Tax Advantages to Owning Student Housing

Tax Advantages to Owning Student Housing

Let me say right up front that I am not a CPA, so you will naturally want to consult with your tax preparation expert annually before filing your return. On the other hand, I’ve been in the College Station rental property ownership arena for many years, so I have a reasonably good working knowledge of this subject matter. This blog is only intended for you to gain a basic understanding of how owning a student home in College Station will provide tax advantages for the average person.

Owning rental property does indeed provide tax advantages in the form of expense deductions. When we talk about deductions, we are talking about the ability to offset or lower our ordinary income. What does this mean exactly? Let’s say that you earn a $100,000 salary per year in your job as an insurance agent and that is the sole source of your income. Expenses related to owning a rental property may be deducted so that you pay taxes on a lower amount. If you have $10k of rental property expense related losses, then you will pay taxes on only $90,000 of your insurance salary and not the full $100,000. If you are in the 28% tax bracket, then you pay $2800 less in income taxes for the year! That is over $230/ month that your rental property is putting back in your pocket!

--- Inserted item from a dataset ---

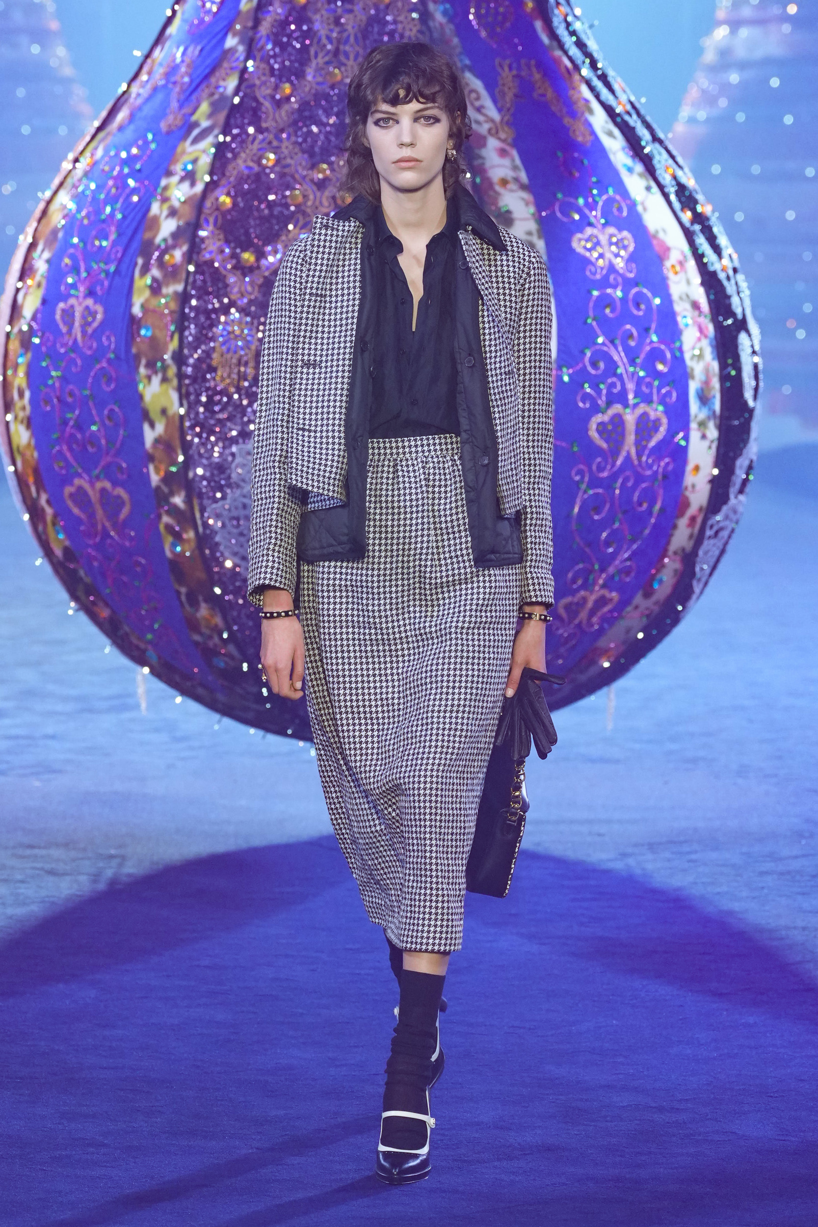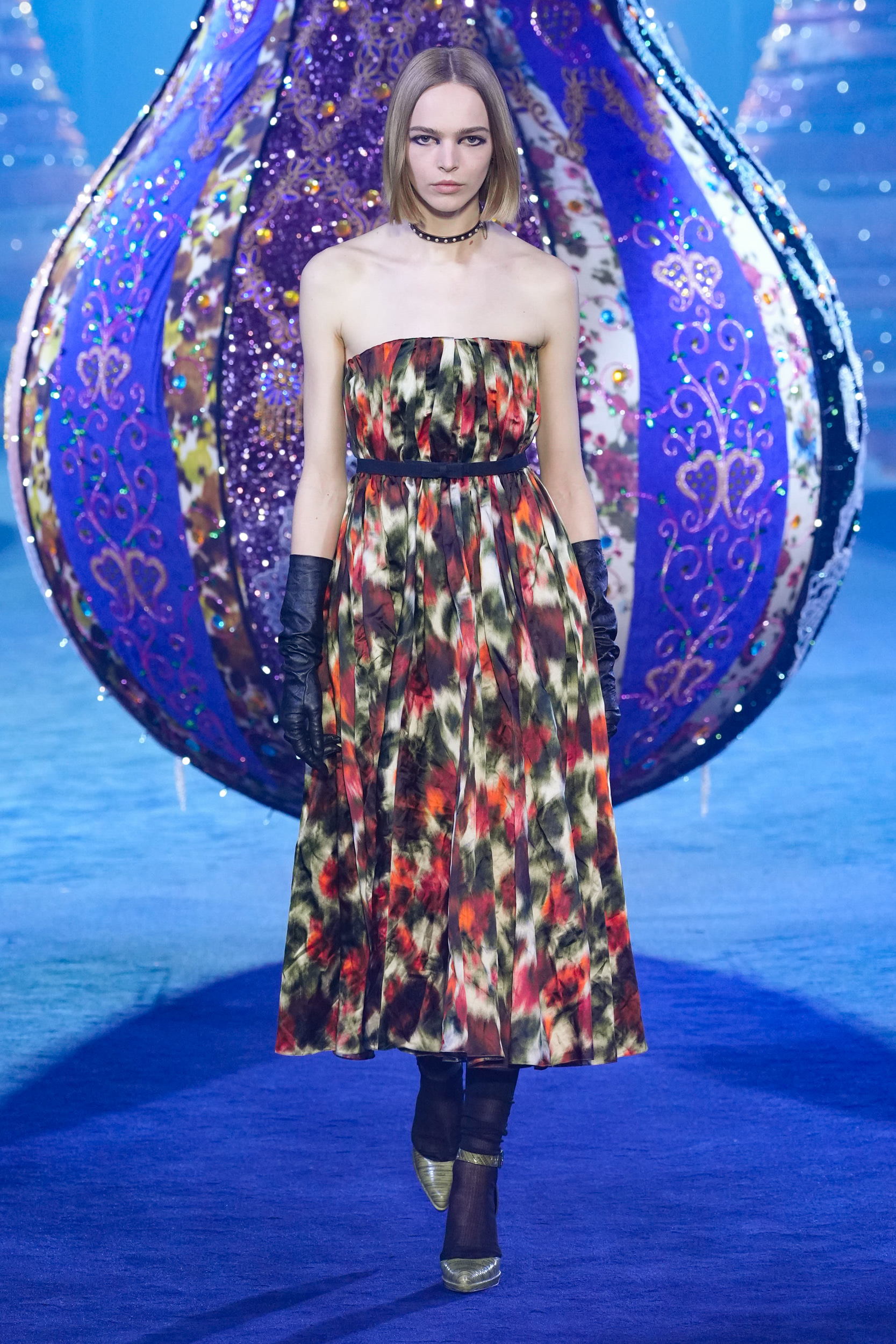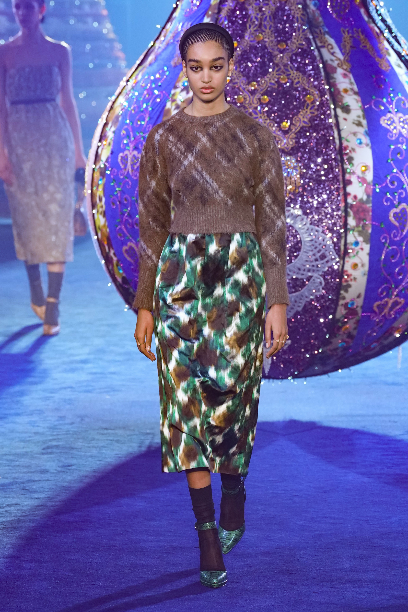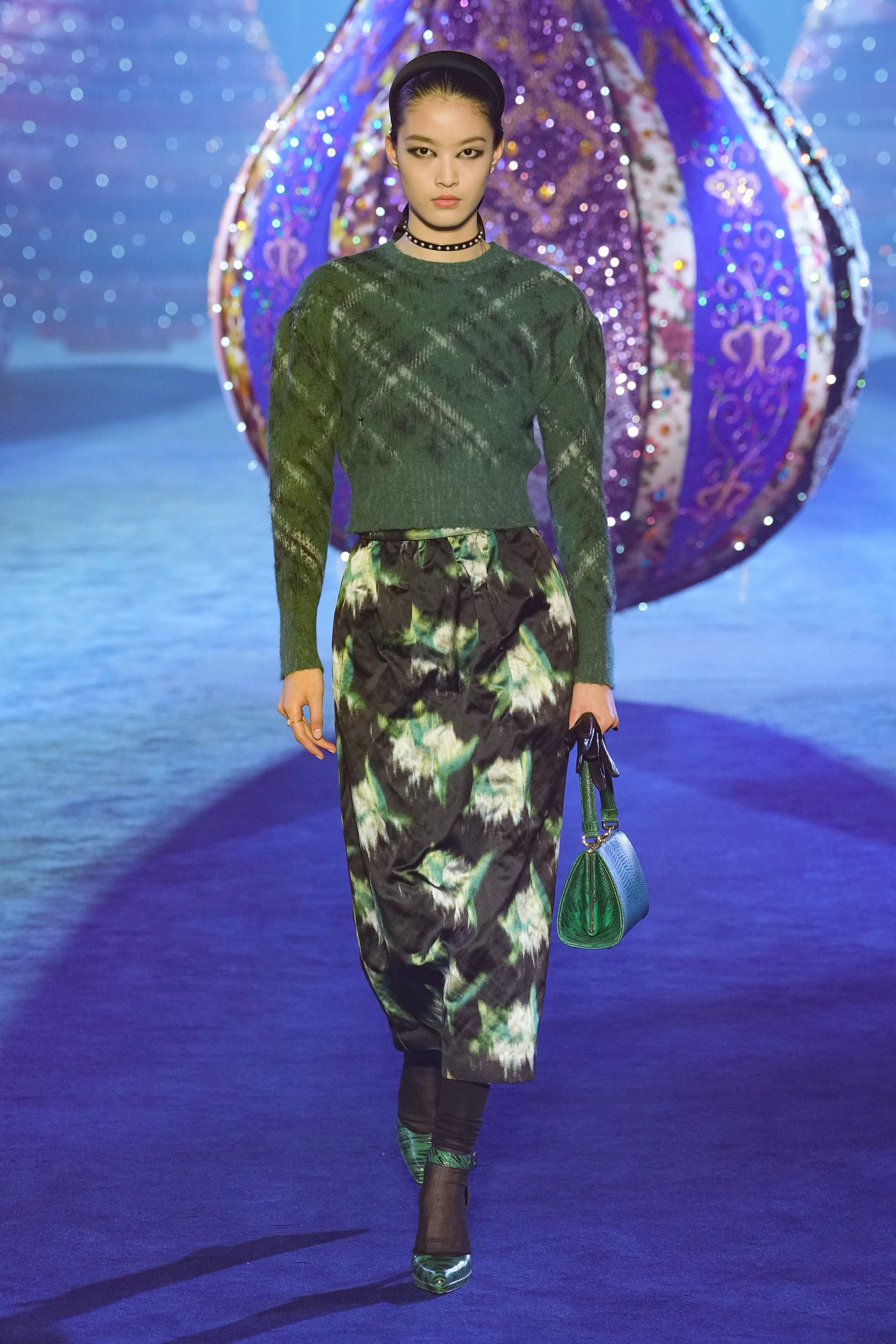 Così sfilano in passerella capi in grado di reinterpretare la moda degli Anni Cinquanta attraverso l’esplorazione di nuovi mondi e l’omaggio a figure straordinarie come Catherine Dior, Édith Piaf e Juliette Gréco. Parliamo di donne indipendenti che hanno scosso gli stereotipi femminili del dopoguerra. Questa collezione si fa scenario di motivi floreali – tanto amati da Monsieur Dior – e di una femminilità ribelle tra cappotti, giacche e gonne dritte e a ruota. Le nuances di colore oscillano dal color smeraldo, sino al giallo topazio e all’inossidabile blu.

What are some of these items which typically qualify as rental property deductible expenses? This list would include, but is not limited to:

-Property taxes

-Depreciation

-Mortgage Interest on loan

-Home owners Insurance

-Lawn Mowing and Landscaping

-Supplies- vacuum cleaner, windex, paper towels, cleaning agents etc

-Cleaning and Maintenance

-Repairs

-Business trip mileage to inspect your rental property

-You may even be able to hire your son or daughter to manage the property

So let’s see how all of this would be applicable to an investment property that you may purchase in the future. In this example let’s assume a $150,000 purchase price on a house which rents for $1500/ month. Here’s the way things could potentially look on your next income tax return.

$18,000 Annual Rental Income (12 months x $1500/mo rent)

(8950) Interest paid on loan

(3300) Annual property taxes

(5450) Depreciation

(600) Home owners insurance

(1200) Lawn and landscape maintenance

(1080) Property management

(3700) Cleaning and maintenance

(2800) Repairs

Supplies

($10,580} annual loss

This $10,580 loss on paper only, would be used to offset or lower your ordinary income. If you earned $100,000 in your career job, you would only pay taxes on $89,420 instead of the full $100,000.